The burden falls heavily on poorer communities. Families living near recycling yards, industrial clusters or contaminated waterways often lack the resources to relocate or seek medical care. Children from low-income households become trapped in a cycle where environmental exposure contributes to educational disadvantage, poor health and reduced future opportunities. Lead poisoning, therefore, becomes not only a medical issue but also an issue of inequality and environmental injustice.

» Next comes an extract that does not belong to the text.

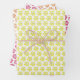 Wrapping paper sheets feature an original marker illustration of pink, orange and yellow tropical Hawaiian hibiscus flowers.
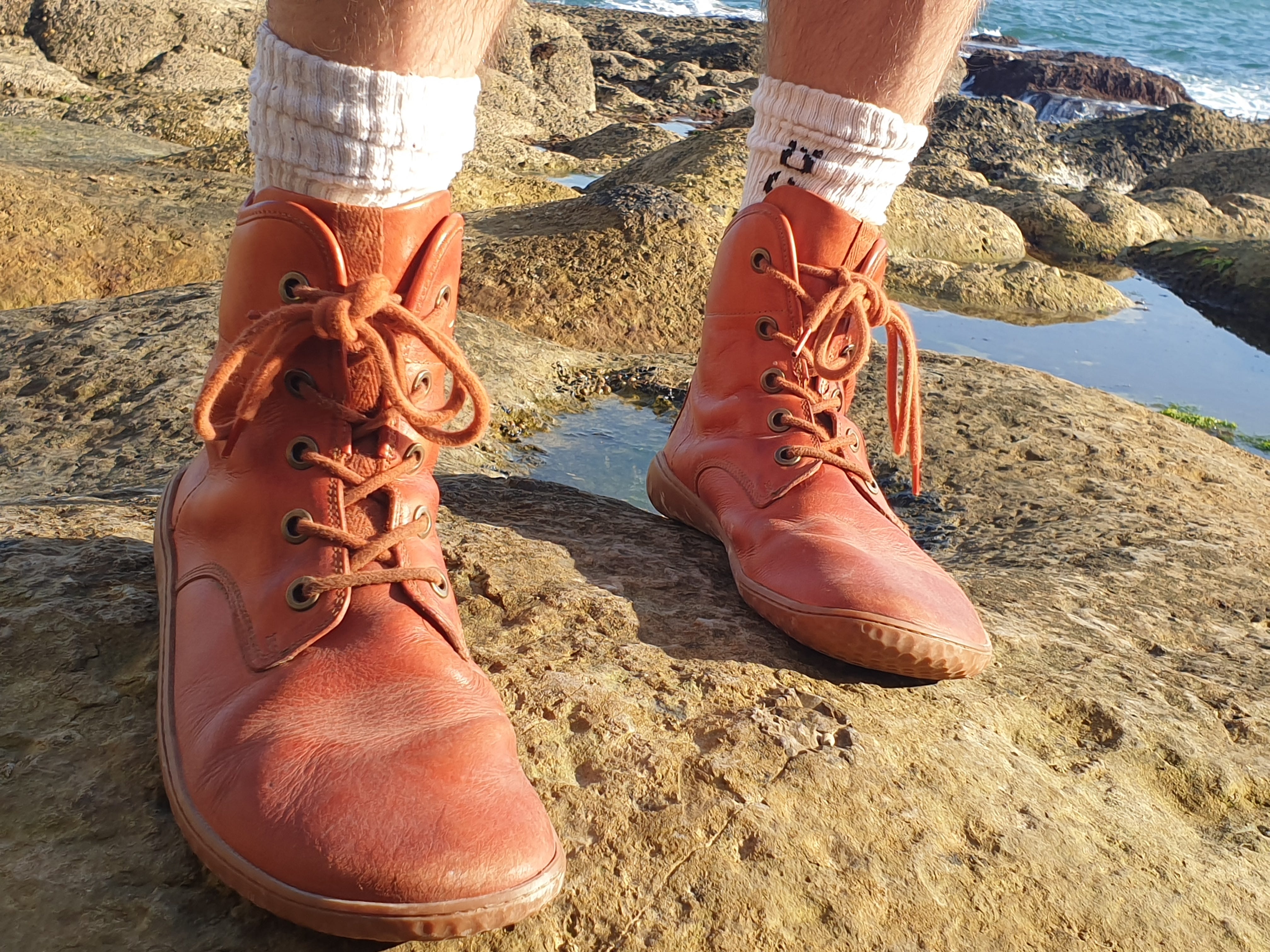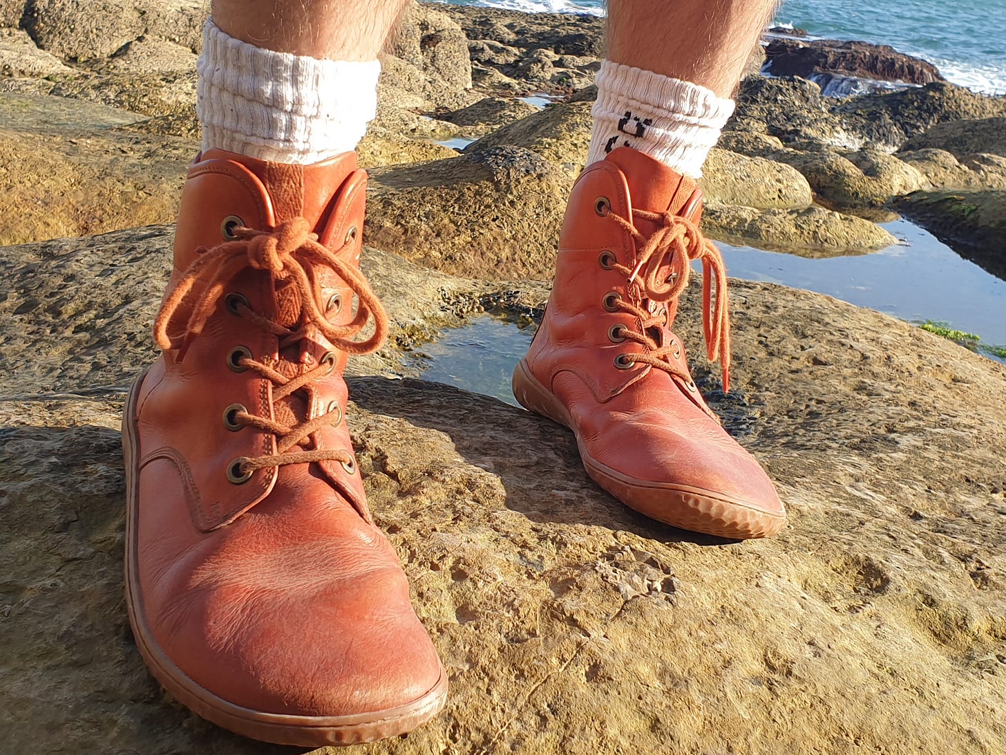 I now have three pairs! Two out of the three pairs can be slipped on without laces, one is the grounded boot. My man has a pair of the grounded boots too - well-worn as you can see in the photo below.

Safer alternatives already exist and they have successfully been adopted in many parts of the world. Lead-free paints, safe battery technologies, improved recycling systems and non-toxic plumbing materials have significantly reduced exposure in many countries. The United States phased out leaded gasoline decades ago. European countries strengthened restrictions on industrial emissions and consumer products. Several African countries have also begun introducing safe battery recycling practices and reducing lead contamination. The examples show that progress is neither impossible nor unrealistic. Political commitment, regulation and sustained public education can reduce the exposure.

Bangladesh needs a similarly coordinated response. Environmental laws must be enforced far more rigorously. Informal battery recycling and smelting operations require strict oversight and safe waste management systems. Lead-containing paints and hazardous consumer products should be gradually phased out. Continuous monitoring of soil, water and air quality is necessary in industrial zones and densely populated urban areas. Awareness campaigns must inform communities of how exposure occurs and why prevention matters. Medical screening targeting children and pregnant women can help to detect exposure before irreversible damage occurs.

The conversation around lead cannot remain confined to technical policy circles alone. This is a human issue. A child losing cognitive potential because of contaminated surroundings is not a medical issue. A worker developing chronic illness from toxic exposure is not merely an occupational hazard. Entire communities carrying the burden of pollution and industries making profit reflects a failure of social responsibility and governance.

The cost of inaction will continue to appear in hospitals, struggling classrooms, reduced productivity and shortened lives. Bangladesh still has the opportunity to prevent further damage, but that window will not remain open indefinitely. Without urgent intervention, this silent poison will continue, leaving behind consequences that may take decades to repair.

Shahiduzzaman is a freelance writer.